Hindu temple in Nagaon, Assam, India

 Maha Mrityunjay Temple is a Hindu Temple dedicated to Hindu God Shiva, situated in Nagaon, Assam, India. This Temple is special in its architectural sense as it is built in a form a Shivling. It is the World's largest Shivalinga, at the height of 126 foot. This feature is made it unique and very attractive for the devotees.

==History==
Construction of temple was initiated in 2003 by Acharya Bhrigu Giri Maharaj, this place is where he used to meditate and is the location where Guru Shukracharya performed Mahāmrityunjaya Mantra. Basis of this thought Acharya Bhrigu Giri Maharajas had chosen this place for temple construction (Pran Pratishta). The initial planning for the construction started in the year 2003 but after several attempts by other architects and engineers, the final engineering and design work was carried by Er. Narayan Sharma. The temple is also very significant due to reflection of mastery in engineering.

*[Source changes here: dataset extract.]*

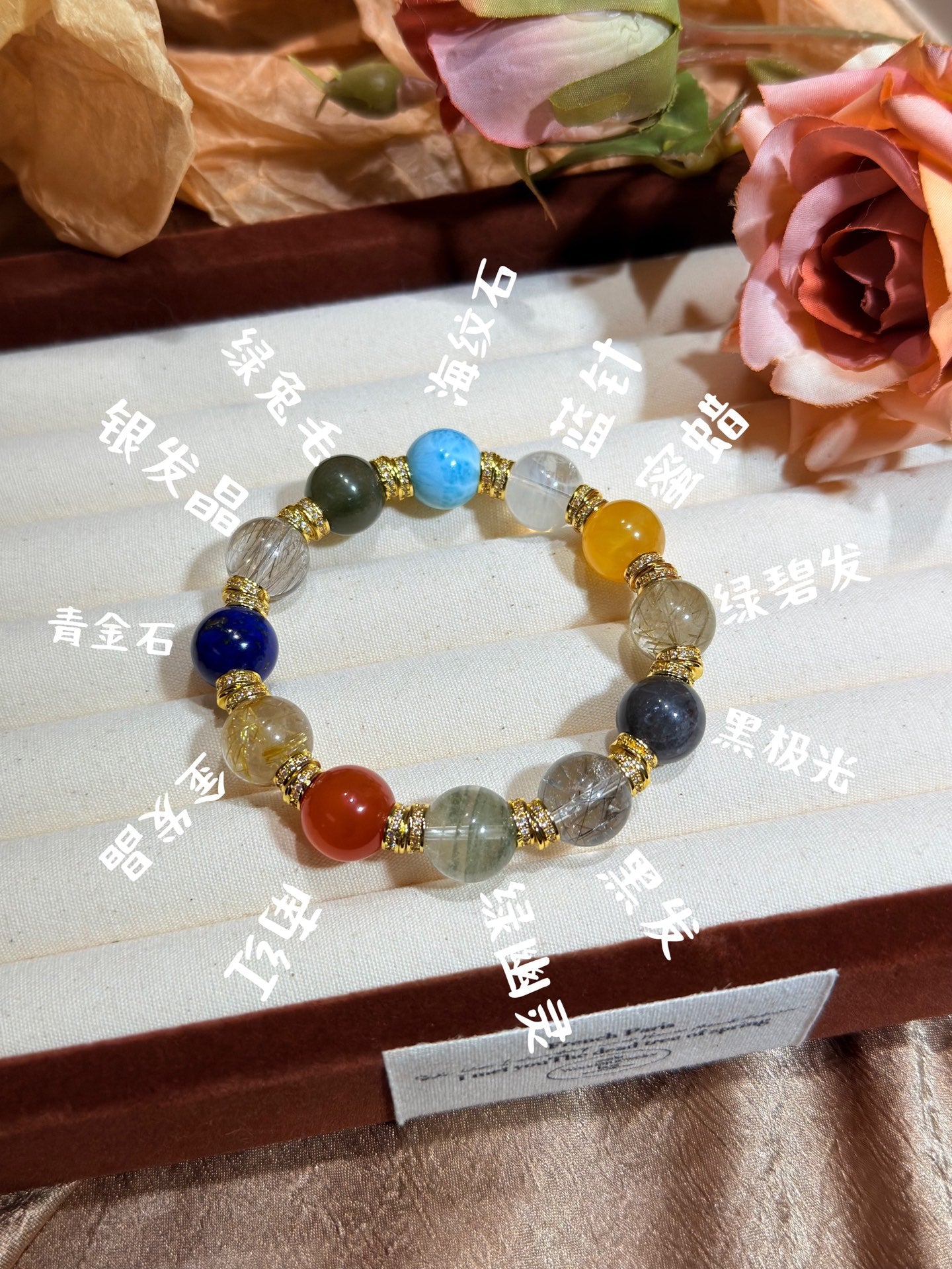 多宝手串 海纹石 / 蓝针 / 青金石 / 绿碧发 / 金发晶 / 银发晶 / 绿兔毛 / 蜜蜡 / 黑极光 / 南红 / 绿幽灵 / 黑发晶

==Inauguration and Pran Pratishta Mahotsav ==
The Temple Inauguration was done by Pran Pratishta Mahotsav, worship (Puja) was started on 22 Feb and ended on 25 Feb 2021, As special guest the Union Home Minister Mr. Amit Shah, Minister of Health and Education in Assam Dr. Himanta Biswa Sarma and Ex. Chief Minister of Assam Mr. Sarbananda Sonowal had participated the puja and Yagna of Maha Mrityunjay Temple. 108 Yagna Kundas was established for the Yagna and around 250 priests came from Tamil Nadu to perform the Pran Pratishta Yagna. After completion of Pran Pratishta Yagna the Temple was opened for devotees from 26 Feb 2021.

==Location==
Maha Mrityunjay Temple is situated in Bherbheri Gaon, Barhampur, Puranigudam Nagaon, Assam around 120 km far from heart city of Assam Guwahati.

==Earthquake effects==
A massive earthquake reported on 28 April 2021 in Assam and NE Region measured 6.7 on the Richter scale. Due to that jolt a minor crack was observed in the upper part of 126 feet of temple which can be termed as ornamental damage and no structural damage has occurred.